Here are some examples of how PGO optimization is integrated in other projects:

I have already tried to perform PGO tests on my machine but met a bug (more details in #833). I think we can wait before the fix or execute the benchmark somehow else (e.g. with iperf).

@XAMPPRocky
Copy link
Collaborator

Thank you for your issue! I definitely agree with adding it as Quilkin is nearly entirely CPU bound from send_to and recv_from, so the more we can optimize are the CPU time, the more clients a single proxy can handle. FWIW I've mostly been using fortio for benchmarking. Mostly with flamegraphs but you could also use perf. I've never managed to get iperf working because it requires UDP and TCP where as fortio only needs UDP.

Server

fortio udp-echo

Quilkin

cargo run --release -- proxy --to 127.0.0.1:8078

Client

fortio load -c 3000 -qps 1000000 udp://127.0.0.1:7777/

@zamazan4ik
Copy link
Author

@XAMPPRocky I just tried your instructions above and on my Linux machines nothing happens - fortio does not generate the test load. Also, quilkin does not react properly on CTRL+C in the terminal:

taskset -c 0 target/release/quilkin proxy --to '127.0.0.1:8078'
2023-10-20T09:50:41.791435Z  INFO quilkin::cli: src/cli.rs: Starting Quilkin version="0.8.0-dev" commit="aeb2871bbfa7144cc007a10afa3300f1f6ae1815"
2023-10-20T09:50:41.791571Z  INFO quilkin::cli::admin: src/cli/admin.rs: Starting admin endpoint address=[::]:8000
2023-10-20T09:50:41.791741Z  INFO quilkin::cli::proxy: src/cli/proxy.rs: Starting port=7777 proxy_id="fedora"
2023-10-20T09:50:41.791830Z  INFO quilkin::cli::proxy: src/cli/proxy.rs: Quilkin is ready
^C2023-10-20T09:53:50.908715Z  INFO quilkin::cli: src/cli.rs: shutting down from signal signal=SIGINT
2023-10-20T09:53:50.908821Z  INFO quilkin::cli::proxy: src/cli/proxy.rs: waiting for active sessions to expire sessions=996
^C^C^C^C^C^C^C[1]    163477 killed     taskset -c 0 target/release/quilkin proxy --to '127.0.0.1:8078'

And the only option to close it is SIGKILL. Fortio instances are started exactly as you wrote above. Did I just miss something obvious?

@zamazan4ik
Copy link
Author

Oh, it seems like just something about overloading issues (maybe connections). The benchmark started fine when I lowered the connection number and target QPS. Sorry for the ping :)

@XAMPPRocky
Copy link
Collaborator

Yeah, you need to adjust the -c to match your system, as it will try to spawn that many threads and sockets.

@zamazan4ik
Copy link
Author

zamazan4ik commented Oct 20, 2023

I performed some benchmarks and want to share my results.

Test environment

  • Fedora 38
  • Linux kernel 6.5.6
  • AMD Ryzen 9 5900x
  • 48 Gib RAM
  • SSD Samsung 980 Pro 2 Tib
  • Compiler - Rustc 1.73
  • Quilkin version: the latest for now from the main branch on commit aeb2871bbfa7144cc007a10afa3300f1f6ae1815
  • Disabled Turbo boost

Benchmark setup

For benchmarking purposes, I use the setup from #834 (comment) (suggested by @XAMPPRocky). The only addition from my side is using taskset to reduce the influence of the OS thread scheduling. So the actual commands are:

  • taskset -c 23 fortio udp-echo - Server
  • taskset -c 0 quilkin proxy --to '127.0.0.1:8078' - Quilkin
  • taskset -c 11-12 fortio load -c 300 -qps 80000 -t 120s udp://127.0.0.1:7777/ - Client

The amount of QPS is tweaked to make sure that Quilkin's CPU core is always 100% (so we can easily measure the throughput improvements on the same hardware).

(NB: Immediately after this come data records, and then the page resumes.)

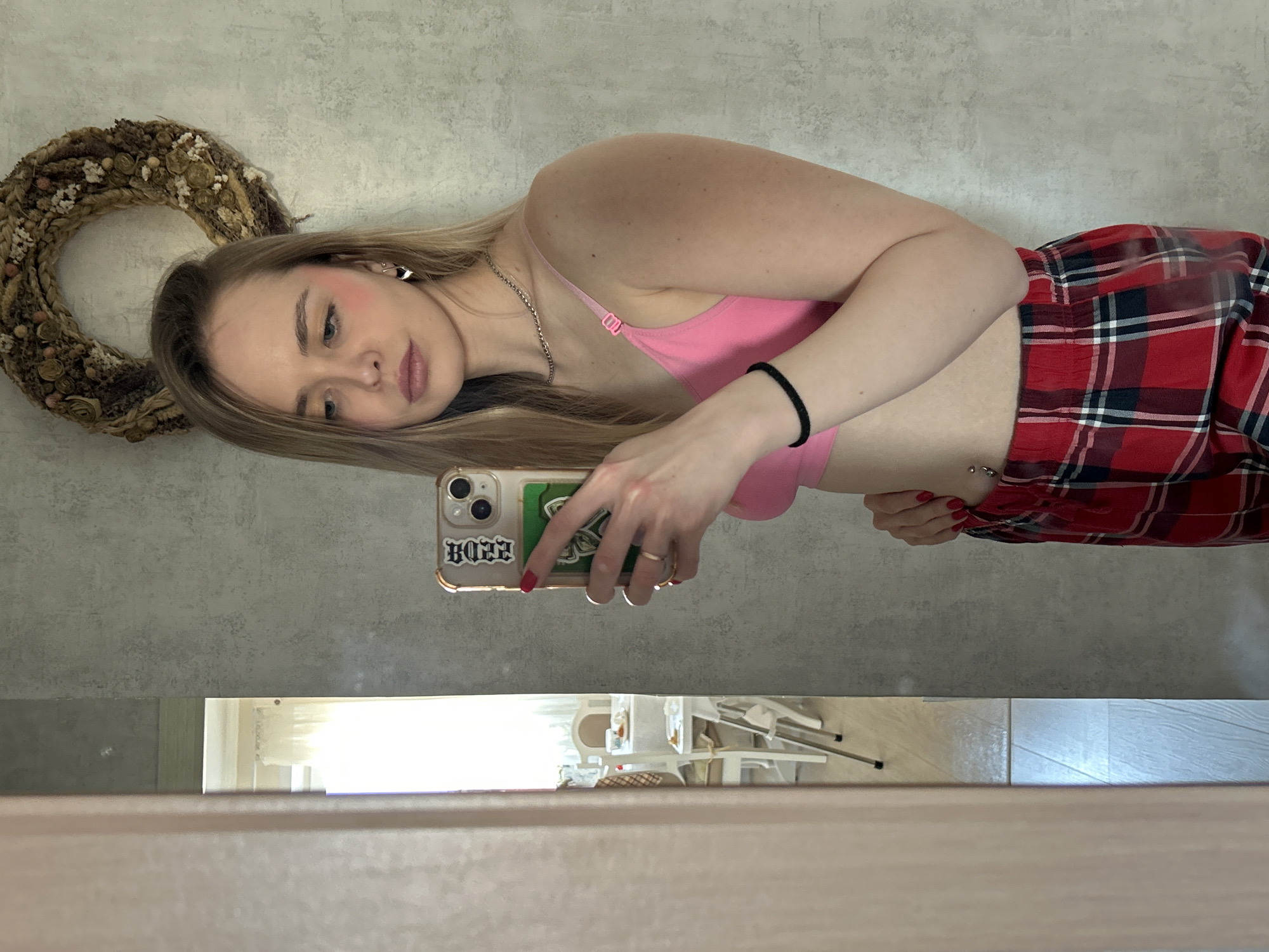 A woman is taking a selfie in a mirror. She is wearing a pink bra and red plaid shorts. The phone case has a green design and the word "BOSS" printed on it. She has a belly button piercing. The background shows a wreath on a gray wall and a reflection of a room with a table and chairs. The reflection of the room appears to show a child's furniture or highchair. The photograph was likely taken in Chaikovsky, Russia.
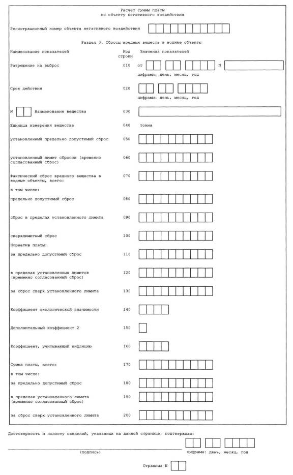 номер объекта негативного воздействия ___________________ Раздел 3. Сбросы вредных веществ в водные
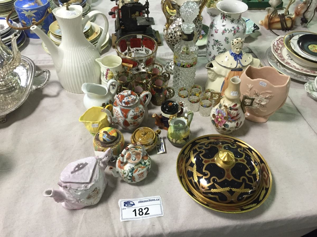 COLLECTION OF: ITALIAN GLASS, PORCELAIN VASES, TEA POTS AND MORE
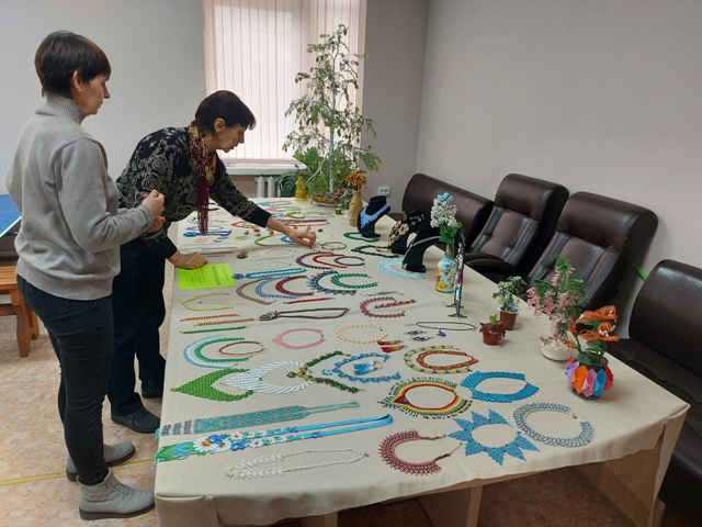 В начале мероприятия всех пригласили на выставку изделий из бисера. На ней были представлены работы, созданные получателями социальных услуг. Экспозиция поражала разнообразием тем и цветовых гамм: нежные цветы, словно вырванные из весеннего сада, изящные колье, сверкающие как далёкие звёзды; вышивки, в которых будто ожили самые изысканные узоры.

In this benchmark, I use 4 build configurations:

  • Release build
  • Release + codegen-units=1 + lto = fat build
  • Release + PGO build
  • Release + codegen-units=1 + lto = fat + PGO build

Release build is done with cargo build --release, PGO builds are done with cargo-pgo. PGO profiles are collected from the benchmark workload itself. Unfortunately, Release + LTO + PGO optimized builds do not work due to rust-lang/rust#115344 (comment) bug in Rustc (hopefully it will be fixed somewhen).

All benchmarks are done multiple times, on the same hardware/software setup, with the same background "noise" (as much I can guarantee ofc). Between each run, quilkin was restarted. There is some reference between runs but it's not critical.

Results

For the build configurations:

  • quilkin_release - Release build
  • quilkin_lto - Release + codegen-units=1 + lto = fat build
  • quilkin_release_pgo_optimized - Release + PGO optimized build
  • quilkin_lto_instrumented - Release + codegen-units=1 + lto = fat + PGO instrumentation
  • quilkin_release_instrumented - Release + PGO instrumentation

I got the following results:

According to the tests, it's possible to achieve several percent improvements with LTO and/or PGO at least in the benchmark above.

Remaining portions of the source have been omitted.